Dès lors, sans qu'il soit nécessaire et opportun au cas présent d'ordonner une nouvelle expertise, mesure d'instruction longue et onéreuse, au regard de l'ensemble des pièces du dossier, il est démontré que le navire vendu le 17 juillet 2017 par M. [C] à M. [D], bien que paraissant bien entretenu s'agissant de son aspect extérieur et peu important la date ancienne de sa fabrication (2008), était bien atteint au moment de sa vente d'un vice caché, consistant en un dysfonctionnement du réservoir d'essence induisant un risque d'explosion par émanation de vapeurs d'essence, un vice donc grave et antérieur à la vente.

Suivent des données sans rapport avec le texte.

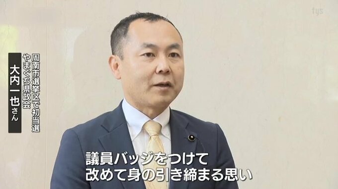 大内一也さん「議員バッジをつけさせていただきまして、改めて身の引き締まる思い。ようやくスタートラインに立って、県民の皆さまのお役に立てるなという実感が湧いてきた」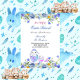 Una elegante invitación decorativa "Happy Easter" para un brunch de Pascua. El ilustracion tiene un borde floral y un conejo de Pascua con cáscara de huevo. El lado inverso tiene un patrón coincidente. El TEXTO se puede personalizar fácilmente con la elección de palabras y tipos de letra.

Ce faisant, c'est à raison que les premiers juges ont, en raison de ces vices cachés, ordonné la résolution de la vente conclue le 17 juillet 2017 entre les parties.
En application des dispositions de l'article 1644 du code civil, c'est également à bon droit que la juridiction de premier ressort a ordonné la restitution du prix payé -moins le coût des moteurs déjà revendus- à M. [D] et la remise en contrepartie à M. [C] dudit bateau.
La capitalisation des intérêts est valablement fondée sur les dispositions de l'article 1343-2 du code civil.
En conséquence, sans avoir lieu à organisation d'une nouvelle expertise, le jugement querellé sera donc confirmé de ces chefs.
Sur la demande de remboursement des frais occasionnés par la vente
A l'énoncé de l'article 1646 du code civil, si le vendeur ignorait les vices de la chose, il ne sera tenu qu'à la restitution du prix, et à rembourser à l'acquéreur les frais occasionnés par la vente.
Les frais occasionés par la vente s'entendent des dépenses directement liées à la conclusion du contrat.
En l'espèce, ainsi que le soulignent les premiers juges, M. [D] réclame l'indemnisation des frais distincts du prix d'achat sans invoquer la mauvaise foi du vendeur.
Aussi, il y aura lieu de rejeter ces demandes relatives aux frais de carburant ou de vidange du réservoir pendant la traversée du navire qui ne sont pas directement liés à la conclusion du contrat tout comme celle liée aux frais de gardiennage du navire. En conséquence, le jugement querellé sera confirmé de ce chef.
Sur les mesures accessoires
Le jugement est confirmé en ce qu'il a statué sur les dépens et les demandes en application des dispositions de l'article 700 du code de procédure civile.
En application de l'article 696 du code de procédure civile, M. [C] qui succombe en son appel, sera condamné aux dépens de l'instance d'appel. S'agissant des frais irrépétibles, les circonstances de la cause commandent l'application des dispositions de l'article 700 du code de procédure civile, l'intimé ayant été contraint d'exposer des frais irrépétibles devant la cour.
PAR CES MOTIFS
La cour
- confirme en toutes ses dispositions critiquées le jugement ;
Y ajoutant,
- déboute M. [O] [C] et M. [R] [D] de leurs demandes plus amples ou contraires ;
- condamne M. [O] [C] au paiement des dépens d'appel ;
- condamne M. [O] [C] à payer à M. [R] [D] la somme de 5 000 euros en application de l'article 700 du code procédure civile.